What I haven't been able to find is much on how exactly to do this. There doesn't appear to be a function for deleting a line from a file, though people suggest copying the program line-by-line to a new file and simply omitting the line that I want to remove, then removing the original file and renaming the new one. The problem there is that I don't seem to be finding anything that really explains how to do that and it's really starting to frustrate me. I know that, perhaps, C isn't the 'best' language to be doing this but I really needed to do something so this was it.
Would anybody be able to provide an example/link to a method for doing this? I'd be very grateful if someone could.
Thanks,
Joel.
Offline
You could either read the contents of the file in your C program, and when you're done write everything back except what you don't want anymore.
You could also try and seek to the line you want to remove and then try to remove from there to the end of the line, maybe.
A line can of course be recognized by the \r and \n combinations (\r\n for windows, \n for linux, \r for (older) mac installations), so finding out how many \n's there are is finding out how many lines there are.
Could this help?
Offline
That's what I've been told to do, but I'm not really sure how I would go about it, if I'm honest. I've found a couple of things that might help and I'm reading them at the moment, but I am genuinely stuck at this point. :S
Offline
I know that, perhaps, C isn't the 'best' language to be doing this but I really needed to do something so this was it.
.
Funny, this is the exact reason I learned Perl. which is funny because Perl would be perfect for this
There are a couple of routes that you could take with this, I think that the best may be to read each line of the file into a linked list of structs with each struct containing the string, and a pointer to the next struct (C programming 101), and then iterate through to the line that you want to remove. once you get to struct n-1, set that pointer to n+1(which is stored in struct n) thereby skipping over n. then write the resulting linked list back to a file line by line.
edit: oh yeah, don't forget to allocate and free your memory properly
Last edited by Cyrusm (2010-12-22 00:07:50)
Hofstadter's Law:
It always takes longer than you expect, even when you take into account Hofstadter's Law.
Offline
Hehe, my first thought was to use Perl too.
I have no real experience with C, but here is how I would do it:
* Open up the file for reading and writing.
* Find the beginning of the line to be removed (pos1).
* Find the beginning of the next line (pos2).
* Let n = pos2 - pos1, i.e. the length of the line to be removed.
* Copy n bytes from pos2 to pos1.
* pos1 += n
* pos2 += n
* Loop until you reach the end of the file.
* Truncate the file by n bytes.
Again, I'm not a C programmer, but I think that will be the quickest way to do it. It requires no memory allocation and it should just rearrange the bytes in situ on the disk without needing to allocate storage for a second file.
My Arch Linux Stuff • Forum Etiquette • Community Ethos - Arch is not for everyone
Offline
Thank you both.
If my reason for creating this was purely that I needed it, I likely would have used Perl as I have a slightly better grasp of it and I appreciate its abilities for handling text files and the like. I only really chose C so that I could continue the learning that I stopped shortly after college. Xyne's method in particular sounds interesting, though I'd have to figure out how to do it.
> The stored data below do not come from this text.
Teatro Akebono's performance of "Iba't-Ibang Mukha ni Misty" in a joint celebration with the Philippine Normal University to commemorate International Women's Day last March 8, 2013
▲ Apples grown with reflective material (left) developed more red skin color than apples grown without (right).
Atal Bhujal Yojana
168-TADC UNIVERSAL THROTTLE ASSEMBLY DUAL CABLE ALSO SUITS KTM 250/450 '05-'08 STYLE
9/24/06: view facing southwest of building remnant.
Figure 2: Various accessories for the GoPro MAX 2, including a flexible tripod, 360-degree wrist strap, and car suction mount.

Many thanks, hopefully I'll be able to come back to the thread with a positive result.
Offline
I implemented my idea as I thought it might be a good learning exercise. I have uploaded it here in case you want to take a peek.
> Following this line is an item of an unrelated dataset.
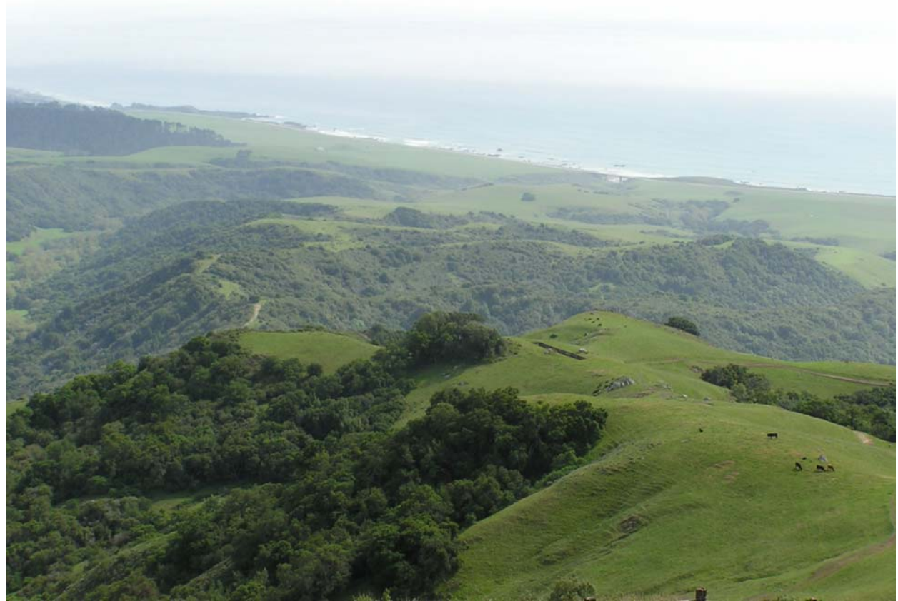
Hearst Ranch, San Luis Obispo County

As one colleague shared with the Board, "Conserving oak woodlands reflects a wise investment toward achieving clean air, safe drinking water and sustainable wildlife habitat in this fast-growing state". Since 1990, the Board has allocated $76.9 million from the HCF and the Oak Woodland Conservation Program, to protect over 167,709 acres of oak woodlands. Utilizing all other fund sources available to the Board, an additional $167.8 million has been allocated to protect 45,515 acres of oak woodlands. While a tremendous amount of work remains to be completed, the $244.7 million allocated by the Board since 1990 to protect about 213,224 acres of oak woodlands throughout California exemplifies the Board's commitment and dedication toward preserving oak woodlands.

My Arch Linux Stuff • Forum Etiquette • Community Ethos - Arch is not for everyone
Offline
You probably meant to test "argc < 3" (or "argc != 3") rather than "argc < 2" on line 51.
EDIT: Here's an mmap()-based version that is literally 1800 times faster (0.010 s vs. 18.737s) than Xyne's on a 1000000-line file. The lesson is that even if you can't use mmap, it's way faster to work in memory than on streams, so read and write blocks at a time instead of single bytes.
Last edited by tavianator (2010-12-22 05:41:21)
Offline
You probably meant to test "argc < 3" (or "argc != 3") rather than "argc < 2" on line 51.
Yes I did.
While I was updating it I happened to have a 278207 line log file in the current directory. I noticed how slow it was with the getc and putc implementation so I added an internal copy buffer. It's much faster now.
EDIT: I just saw your edit. Considering that this is an educational thread, do you think you could add some comments to your code? It would help noobs such as me even more.
Btw, my version is almost as fast now (depending on the buffer size), but not quite. Your code is obviously nicer too.
Last edited by Xyne (2010-12-22 06:24:20)
My Arch Linux Stuff • Forum Etiquette • Community Ethos - Arch is not for everyone
Offline
You can write your own function for reading a file line by line or you can look at the following functions: fgets() or getline() (check 'man fgets/getline').
Offline
I implemented my idea as I thought it might be a good learning exercise. I have uploaded it here in case you want to take a peek.
Thank you very much for this, I'm reading it at the moment and I'm finding myself understanding it, so perhaps my C-knowledge wasn't as bad as I thought.
You probably meant to test "argc < 3" (or "argc != 3") rather than "argc < 2" on line 51.
EDIT: Here's an mmap()-based version that is literally 1800 times faster (0.010 s vs. 18.737s) than Xyne's on a 1000000-line file. The lesson is that even if you can't use mmap, it's way faster to work in memory than on streams, so read and write blocks at a time instead of single bytes.
Thanks for that example, too. I find it a bit more complex so, echoing what Xyne asked, would it be possible for you to put in some comments explaining what the various bits do?
Offline
Sure, I'll add some comments in a bit. Right now I'm off to write two finals in a row.
Offline
Here is a simple fgets version. Untested and uncompiled, I typed it up mostly from memory.
#include <stdio.h>
char buffer[128]; /* how wide are your lines? */
FILE * in, * out;
in = fopen( "input.txt", "r" );
out = fopen( "output.txt", "w" );
if ( in == NULL || out == NULL ) { perror( "fopen" ); }
while ( ! feof( in )) {
if ( fgets( buffer, 128, in ) == NULL ) { perror( "fgets" ); }
if ( goodline( buffer )) { fputs( buffer, out ); }
}
fclose( in );
fclose( out );
if ( rename( "output.txt", "input.txt" ) != 0 ) { perror( "rename" ); }
Offline
Thanks for that example, too. I find it a bit more complex so, echoing what Xyne asked, would it be possible for you to put in some comments explaining what the various bits do?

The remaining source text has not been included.